How imagination can save our future. This edition of the masterclass focuseD on alternative future scenarios. The emphasis is on the importance of utopian imagination and speculative fiction to transcend the digital dystopias that dominate our imagination, and to sketch a future in which we actually want to live. We are looking for alternatives to biased algorithms, disproportionate revenue models and disruptive upscaling. Towards avoidances for the techno-capitalism of Silicon Valley and the Chinese data dictatorship. Towards scenarios that offer space for other values and world views and in which the future is illuminated from multiple perspectives.


TECHNOLOGY AS RELIGION, 2018

masterclass digital storytelling SANDBERG@MEDIAPARK

Our belief in technology is starting to take on religious forms. We now ask our questions about the Road, our Truth and Life to the algorithms of Google and other tech giants. With our smartphones we feed these algorithms with the most personal data, until they know us better than we do ourselves. In return, they give us all the answers, send us our love lives, absorb our sins and reward us with dopamine. Do we actually want this? The participants in the master class explored the tension between ethics and technology. For example, how can technology be used to form communities, and how are rituals part of that? If technology is religion, are designers the high priests of that religion? The social, religious and technological belief systems of the participants were also critically questioned. How explicit do they make these in their work? And what new forms can be found for this?
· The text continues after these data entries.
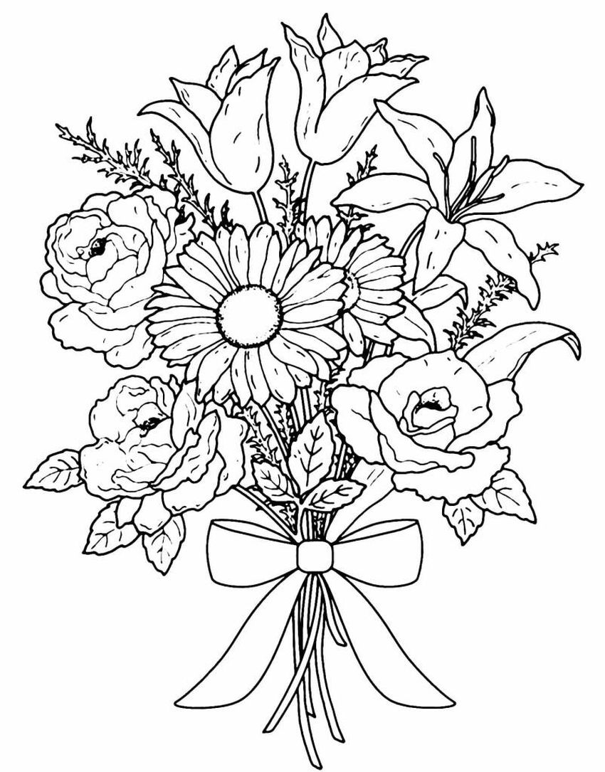 Букет цветов раскраска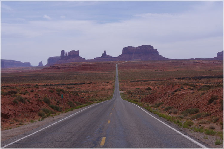 "Ich folgte der steil abfallenden Piste, die sich angstvoll an den Felsen klammerte, grüßte den Mexican Hat und überquerte im Monument Valley die Bundesgrenze nach Arizona."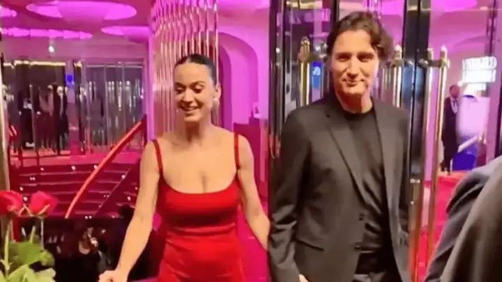 Nas imagens veiculadas, Katy aparece deslumbrante com um longo vestido vermelho, enquanto Trudeau optou por um elegante terno preto.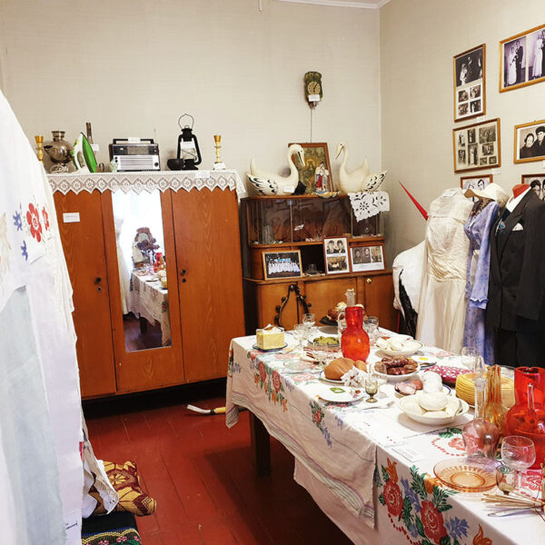 Музей представлен двумя экспозициями. Первая – «Пачатак сямейнага жыцця – вяселле» отображает свадебные традиции белорусской семьи. Представлена экспозиция свадебной атрибутикой 50-х-80-х годов XX века: свадебный стол, свадебные наряды, фотографии молодоженов, приданое невесты, подарки молодым и т.д.

Guidance masterclass 2018: Anna Pedroli en Rogier Klomp. Participating makers: Merel Barends & Hasna El Maroudi , Winny de Jong & Arnoud Traa, Martijn Kieft & Leon van Oord, Reber Dosky & Klasien van de Zandschulp, Frank Bosma & Dorian de Rijk, Cyanne van den Houten & Frederique Melman, Selby Gildemacher & Dirk Vis, Jelle Klumpenaar & Janna Ullrich. Production: Charlotte Corstanje

Compilation final presentation Masterclass Sandberg@Mediapark 24 May 2018

RADICAL IMAGINATION, 2017

OPENING CONFERENCE SANDBERG@MEDIAPARK MASTERCLASS, 2017

We live in radical times. This is a tipping point - for the environment, social equality, politics and certainly for our media, imagination and technology. More and more artists, opinion makers and thinkers are calling for a new constructive radicalism, inspiring forms of collaboration, subversive art and extreme alternatives. Under the guidance of Anna Pedroli, Juha van 't Zelfde and Dimitri Nieuwenhuizen, eight anti-disciplinary teams from, among others, program makers, designers, journalists, data analysts and new media artists worked closely together. For six months they have been looking for new media applications: radical forms of moving images, interaction, design, journalism and film. The masterclass kicked of with a conference and the teams presented their innovative projects at the end of the masterclass.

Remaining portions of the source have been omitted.